A análise de algumas proteínas no esmalte do dente sugeriu que este terá pertencido a uma fêmea.

O ADN Denisovano subsiste ainda hoje em dia em alguns humanos porque, uma vez que os nossos antepassados Homo Sapiens se cruzaram com os Denisovanos, os dois grupos envolveram-se e deram origem a outras vidas - algo a que os geneticistas chamam “mistura genética”. Isto significa que podemos ficar a conhecer mais sobre a história da evolução humana, analisando os dados genéticos atuais.

Esta "mistura genética" aconteceu há mais de 50.000 anos, quando os antecessores dos humanos modernos saíram de África e provavelmente se cruzaram com Neandertais e os Denisovanos. Mas já se provou ser difícil localizar exatamente o sítio onde isso aconteceu - particularmente no caso dos hominínios Denisovanos.

Inquestionavelmente Desinovano?

Qualquer informação que venha a adicionar-se ao escasso registo de fósseis de hominínios da Ásia é uma notícia emocionante, referiu Katerina Douka, professora assistente de ciência arqueológica no departamento de antropologia evolutiva da Universidade de Viena, que não participou na investigação.
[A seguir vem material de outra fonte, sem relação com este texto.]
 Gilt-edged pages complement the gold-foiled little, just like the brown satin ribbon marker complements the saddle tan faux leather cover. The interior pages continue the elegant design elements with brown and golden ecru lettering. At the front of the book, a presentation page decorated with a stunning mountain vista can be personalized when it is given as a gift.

Douka afirmou que teria gostado de analisar provas - “em maior número e profundidade” – que garantissem que o dente pertencia inquestionavelmente ao grupo de hominídeos Denisovanos.

"Há uma cadeia de pressupostos que os autores aceitam para confirmar que se trata de um fóssil de um Denisovano", referiu.
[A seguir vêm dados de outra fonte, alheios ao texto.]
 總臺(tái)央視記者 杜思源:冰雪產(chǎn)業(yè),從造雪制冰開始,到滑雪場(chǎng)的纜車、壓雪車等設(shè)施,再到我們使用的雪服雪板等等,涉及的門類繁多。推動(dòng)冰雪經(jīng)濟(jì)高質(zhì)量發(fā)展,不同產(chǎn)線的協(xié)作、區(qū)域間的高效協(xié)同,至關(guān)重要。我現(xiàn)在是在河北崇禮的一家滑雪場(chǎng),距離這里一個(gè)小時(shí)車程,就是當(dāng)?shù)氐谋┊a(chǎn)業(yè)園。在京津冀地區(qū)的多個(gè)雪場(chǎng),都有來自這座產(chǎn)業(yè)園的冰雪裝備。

"A verdade é que não temos forma de saber se este molar único e mal conservado pertencia, de facto, a um Denisovano, a um grupo híbrido ou mesmo a um grupo de hominínios desconhecido. Pode perfeitamente ser um Denisovano, e eu adoraria que pertencesse, de facto, a um Denisovano - quão extraordinário seria isso? Mas precisamos de provas mais fiáveis", afirmou.
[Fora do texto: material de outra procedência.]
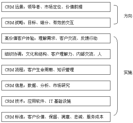 對(duì)于大多數(shù)公司而言,一個(gè)產(chǎn)品戰(zhàn)略很好理解。但是CRM戰(zhàn)略卻不太讓人理解。這是因?yàn)樵贑RM產(chǎn)業(yè)界、學(xué)術(shù)界對(duì)"CRM是什么"、"CRM戰(zhàn)略由什么組成"還沒(méi)有達(dá)成共識(shí)。因此,以下所闡述的CRM戰(zhàn)略并不一定勝人一籌,但我們會(huì)努力全面論述CRM戰(zhàn)略框架。我們認(rèn)為一個(gè)CRM戰(zhàn)略必須包括以下幾個(gè)內(nèi)容:定義價(jià)值前提、定義客戶戰(zhàn)略、企業(yè)變革計(jì)劃。

Para considerarem o dente encontrado em Laos como pertencente a um hominínio Denisovano, os investigadores deste estudo usaram como forte referência uma comparação com o maxilar de Xiahe, afirmou Douka. Todavia, embora muitos acreditassem que o maxilar fosse Denisovano, esta questão não era ainda um ponto assente. Nenhum ADN tinha sido recuperado do maxilar fossilizado, apenas provas proteicas "ténues", acrescentou.

"Qualquer pessoa que desenvolva estudos sobre este grupo de hominínios, onde ainda subsistem muitas questões importantes, quer acrescentar novos dados marcantes. A dificuldade está em identificar de forma fiável quaisquer fósseis como os de um Denisovano", acrescentou ela. "No entanto, esta falta de dados biomoleculares sólidos, reduz significativamente o impacto desta nova descoberta e relembra-nos como é difícil trabalhar nos trópicos."

Os autores do estudo revelaram que planeavam tentar extrair ADN antigo do dente, o que, caso fosse possível, lhes daria uma resposta mais definitiva, mas o clima quente torna a possibilidade de realização da experiência numa hipótese remota. A equipa de investigação também planeia continuar a escavar o local após um período de intervalo induzido pela pandemia, na esperança de que possam ser feitas mais descobertas de hominídeos primitivos que possam ter vivido naquela região.

"Neste tipo de ambiente, o ADN não se preserva nada bem, mas faremos o nosso melhor", afirmou o autor do estudo, Fabrice Demeter, professor assistente no Centro GeoGenetics da Fundação Lundbeck, na Dinamarca.